Keyboard shortcuts

Press or to navigate between chapters

Press S or / to search in the book

Press ? to show this help

Press Esc to hide this help

Chapter 24: Jobs and CronJobs

Not every workload is a long-running service. Some workloads run to completion: a database migration, a batch data transformation, an ML training run, a nightly report. Deployments and StatefulSets are the wrong abstraction for these workloads because they try to keep pods running forever. Jobs and CronJobs are Kubernetes’s answer to batch and scheduled workloads. A Job creates one or more pods, runs them to completion, and then stops. A CronJob creates Jobs on a schedule. The concepts are simple, but the details — completion modes, parallelism, failure handling, and concurrency policies — matter enormously for production reliability.

Jobs: Run to Completion

A Job ensures that a specified number of pods successfully terminate. The simplest Job runs a single pod:

apiVersion: batch/v1
kind: Job
metadata:
  name: db-migration
spec:
  template:
    spec:
      containers:
        - name: migrate
          image: my-app:v2.1.0
          command: ["./migrate", "--target", "v2.1"]
      restartPolicy: Never        # Jobs require Never or OnFailure
  backoffLimit: 3                 # Retry up to 3 times on failure
  activeDeadlineSeconds: 600      # Kill the Job if it runs longer than 10 minutes
  ttlSecondsAfterFinished: 3600   # Clean up completed Job after 1 hour

Key fields:

  • restartPolicy: Must be Never or OnFailure. Jobs cannot use the default Always because that would restart the pod after successful completion.
  • backoffLimit: How many times to retry before marking the Job as failed. Each retry uses exponential backoff (10s, 20s, 40s, …).
  • activeDeadlineSeconds: A hard timeout for the entire Job. If the Job has not completed within this duration, all running pods are terminated and the Job is marked as failed.
  • ttlSecondsAfterFinished: How long to keep the completed (or failed) Job object before garbage collection. Without this, completed Jobs accumulate forever.

Completion Modes

Jobs support two completion modes that determine how “done” is defined:

NonIndexed (Default)

The Job is complete when .spec.completions pods have succeeded. Each pod is interchangeable — they all run the same work.

spec:
  completions: 5          # 5 pods must succeed
  parallelism: 3          # Run up to 3 pods at a time
  completionMode: NonIndexed

This creates 5 pods (3 at a time), each running the same task. If any pod fails, a replacement is created (up to backoffLimit). When 5 pods have exited with status 0, the Job is complete.

Indexed

Each pod gets a unique index (0 through completions-1) via the JOB_COMPLETION_INDEX environment variable. This enables work partitioning: each pod processes a different shard of data.

spec:
  completions: 10         # 10 indexed pods (0-9)
  parallelism: 5          # Run up to 5 pods at a time
  completionMode: Indexed

Each pod knows its identity: pod with index 3 reads JOB_COMPLETION_INDEX=3 from its environment and processes the corresponding data partition. The Job is complete when each index (0 through 9) has one successful pod.
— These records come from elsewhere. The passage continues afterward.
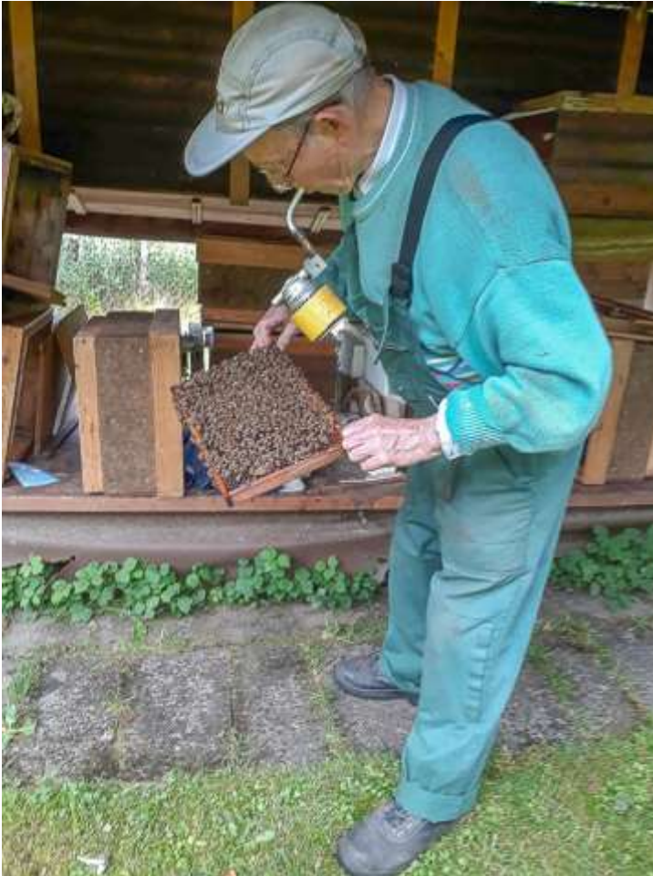
Bild 21: Der sanfte Rauch der Bienenpfeife beruhigt die Bienen und erleichtert somit dem Imker das wöchentliche Nachschauen der Waben.

Also hängt der Imker immer wieder zusätzliche Rähmchen in die Beuten und beschäftigt dadurch die Bienen mit Honigsammeln und Brutpflege, was wiederum auch den Bau von Weisel-
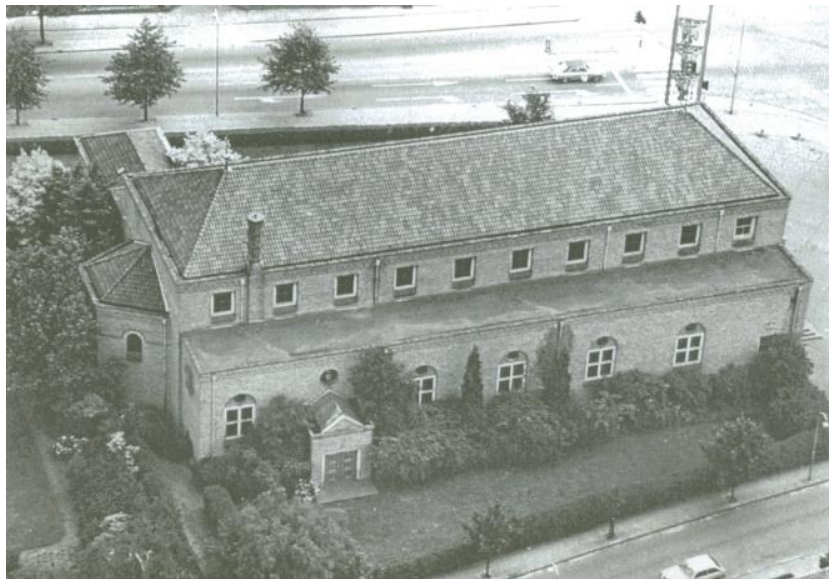
Figuur 9 St. Jozefkerk

De laatste rooms-katholieke kerk van Bussum, bedoeld om de bevolking van Bussum Zuid te bedienen. Architect H. van Putten.
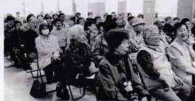
末広奇術会の皆さん&参加者の皆さん
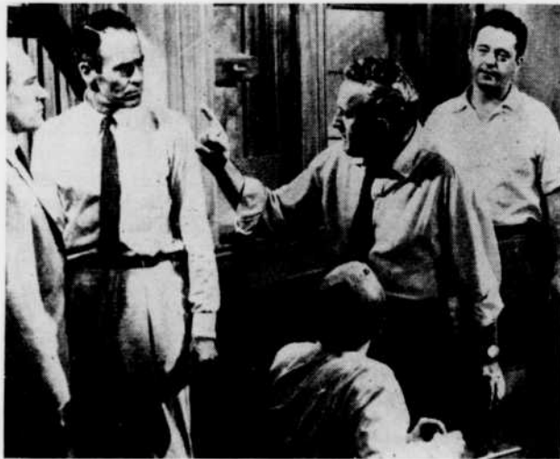
« Douze hommes en colère »
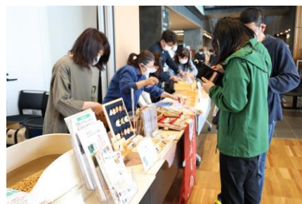
▲ 昨年度の販売会の様子 (R5.3.24)

石岡市は、3月22日（金）石岡市役所本庁舎1階メロディアスホールにて「石岡セレクト認証品販売会」を開催します。
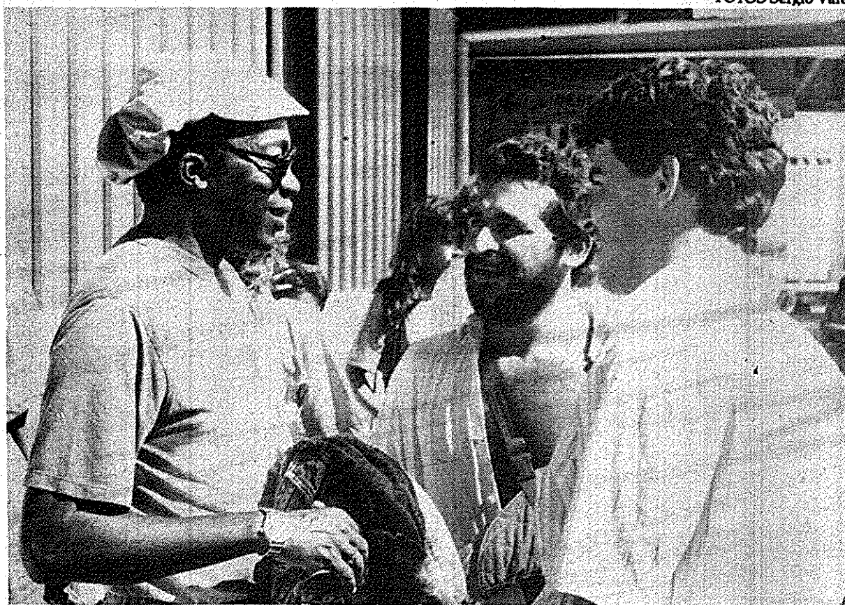
Milton foi recepcionado no Acre pelos componentes do Conselho Nacional dos Seringueiros
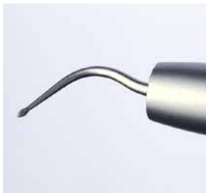
Abb. 5: Knospenförmiger Schallansatz SF11 zum Reinigen der Furkations- und Invaginationsbereiche.
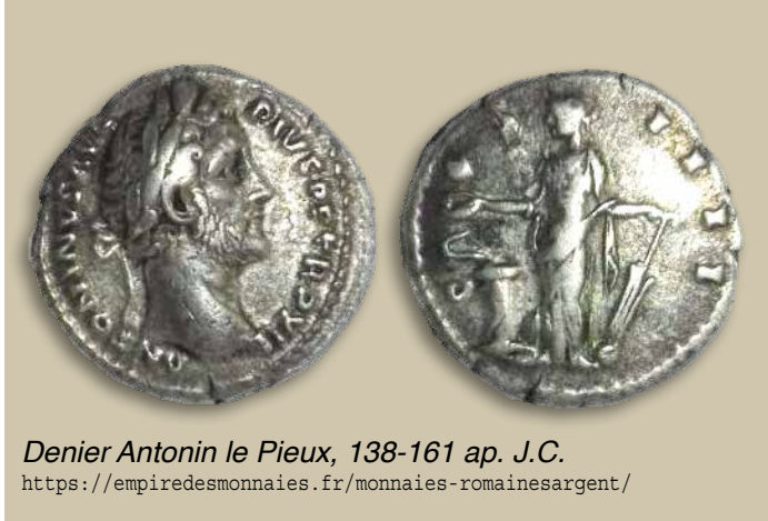
Denier Antonin le Pieux, 138-161 ap. J.C. https://empiredesmonnaies.fr/monnaies-romainesargent/

Il se présente souvent sous la forme de lingots de masses diverses (de 1 once à 1000 onces Troy, ou de 100 grammes à 10 kilos), d'une finesse d'au moins 0.999.
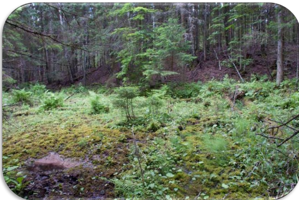
Avotu cirks.
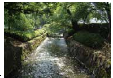
非かんがい期に通水された七郷堀▶

令和3年度については、事業期間（令和3年9月11日～令和4年4月24日）において、対象となる8水路に129日の通水を実施しました。
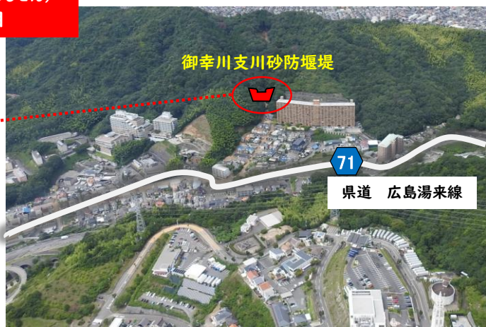
71 県道 広島湯来線
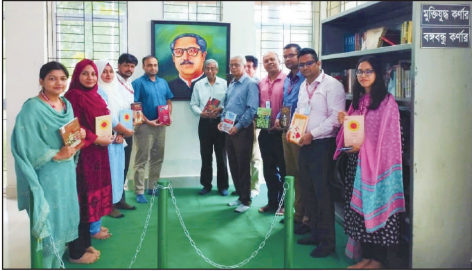
Books on 'Bangabandhu and Liberation War' handed over to the central library of RPSU.
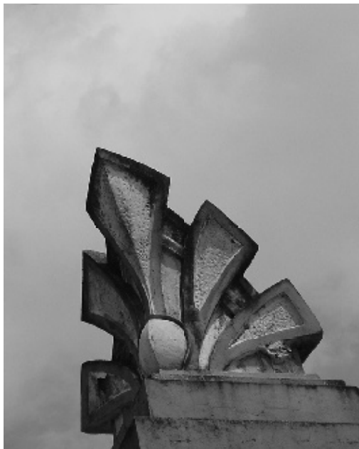
El Teatro Faenza, ejemplo del “período republicano” en Bogotá, abrió sus puertas al público en 1924.

mínimo en el número de gente que va de hecho a las urnas. En los Estados Unidos, la participación en las votaciones está normalmente en un 50% o menos 12 . Contando la gente que no se registra para votar, esto significa que aproximadamente un 25% de la población se convierte realmente en mayoría efectiva, en fuerza gobernante. El rango de
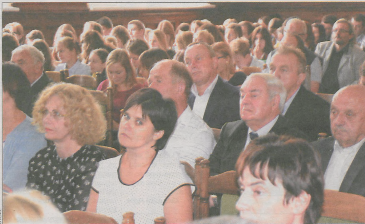
Na sali obecni byli historycy, nauczyciele, goście spoza Krotoszyna, uczniowie liceum
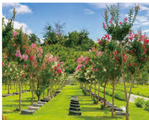
湘南森林霊園の代名詞ともいえる花木墓所。春にはスイセンやヤマブキ、夏にはサルズベリ、秋には彼岸花が咲き誇る
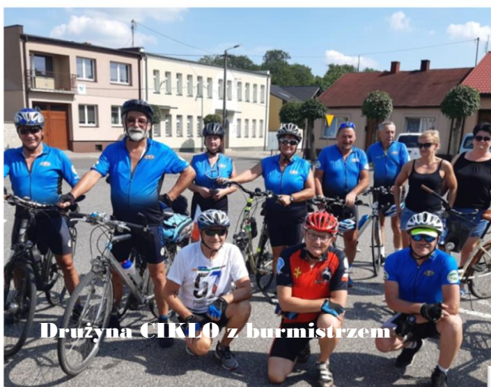
Drużyna CYKLO z burmistrzem

Indexed Jobs are the Kubernetes-native way to implement MapReduce-style parallelism. Instead of a single pod processing a 1TB dataset, ten pods each process 100GB.

Parallelism Patterns

The interaction between completions and parallelism produces different execution patterns:

JOB PARALLELISM PATTERNS
──────────────────────────

Pattern 1: Single Pod (default)
completions=1, parallelism=1

  Time ──────────────────────►
  ┌──────────────────┐
  │     Pod 0        │ ✓ Done
  └──────────────────┘


Pattern 2: Fixed Completion Count
completions=5, parallelism=2

  Time ──────────────────────────────────────►
  ┌──────────────┐
  │   Pod 0      │ ✓
  └──────────────┘
  ┌──────────────┐
  │   Pod 1      │ ✓
  └──────────────┘
                   ┌──────────────┐
                   │   Pod 2      │ ✓
                   └──────────────┘
                   ┌──────────────┐
                   │   Pod 3      │ ✓
                   └──────────────┘
                                    ┌──────────────┐
                                    │   Pod 4      │ ✓
                                    └──────────────┘

  2 pods run at a time. 5 must succeed total.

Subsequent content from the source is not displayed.